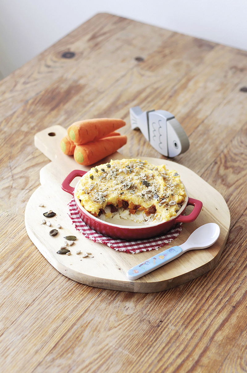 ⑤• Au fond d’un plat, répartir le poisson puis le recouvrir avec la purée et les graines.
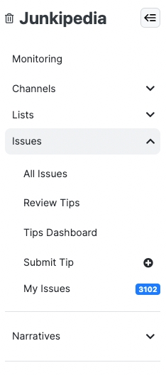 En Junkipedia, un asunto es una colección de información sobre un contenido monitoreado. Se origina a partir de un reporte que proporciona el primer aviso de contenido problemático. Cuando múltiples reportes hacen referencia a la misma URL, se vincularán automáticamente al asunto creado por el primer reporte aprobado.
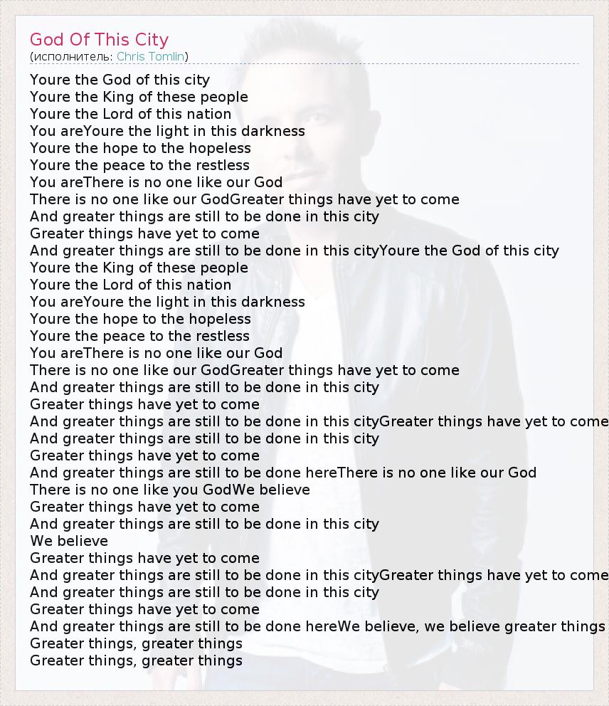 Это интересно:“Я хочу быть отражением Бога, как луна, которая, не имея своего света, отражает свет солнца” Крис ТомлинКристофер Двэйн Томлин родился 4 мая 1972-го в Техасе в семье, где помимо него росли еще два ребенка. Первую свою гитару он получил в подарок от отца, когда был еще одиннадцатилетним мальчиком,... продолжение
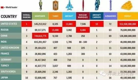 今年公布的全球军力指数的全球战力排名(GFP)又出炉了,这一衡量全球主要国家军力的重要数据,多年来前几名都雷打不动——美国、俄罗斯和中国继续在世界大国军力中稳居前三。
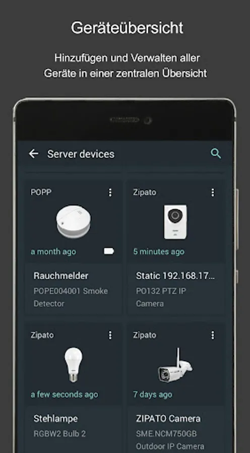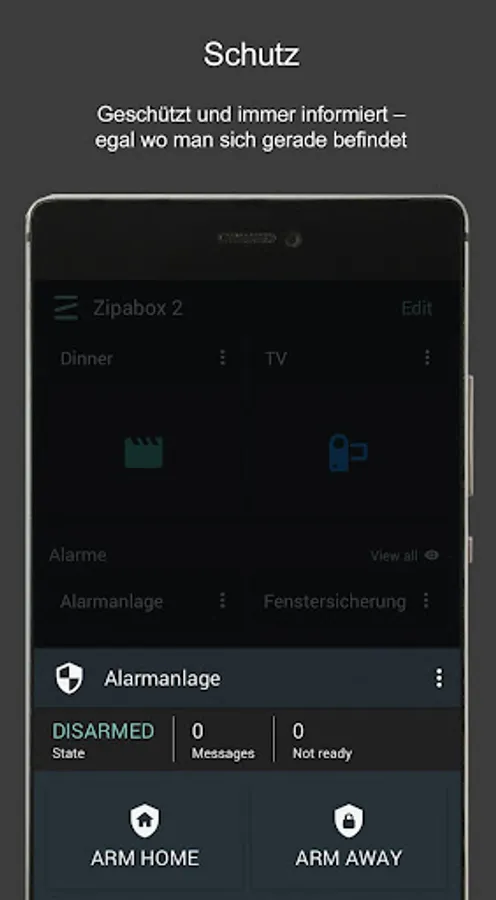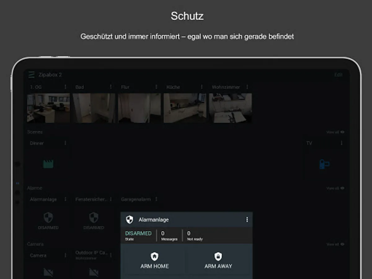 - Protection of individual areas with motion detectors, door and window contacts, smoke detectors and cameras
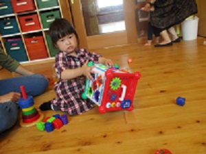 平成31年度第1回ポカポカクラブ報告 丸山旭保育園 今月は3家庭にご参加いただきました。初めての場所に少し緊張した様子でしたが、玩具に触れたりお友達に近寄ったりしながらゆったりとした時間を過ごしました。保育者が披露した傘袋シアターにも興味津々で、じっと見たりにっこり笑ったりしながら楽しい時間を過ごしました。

**DIRECTIONS**. Retype verbatim only the lines beginning with the line that contains "- Protection of" and ending with the last line of the listing above; pictures are to be excluded.

**RESPONSE TO THE TASK**.
 - Protection of individual areas with motion detectors, door and window contacts, smoke detectors and cameras
 平成31年度第1回ポカポカクラブ報告 丸山旭保育園 今月は3家庭にご参加いただきました。初めての場所に少し緊張した様子でしたが、玩具に触れたりお友達に近寄ったりしながらゆったりとした時間を過ごしました。保育者が披露した傘袋シアターにも興味津々で、じっと見たりにっこり笑ったりしながら楽しい時間を過ごしました。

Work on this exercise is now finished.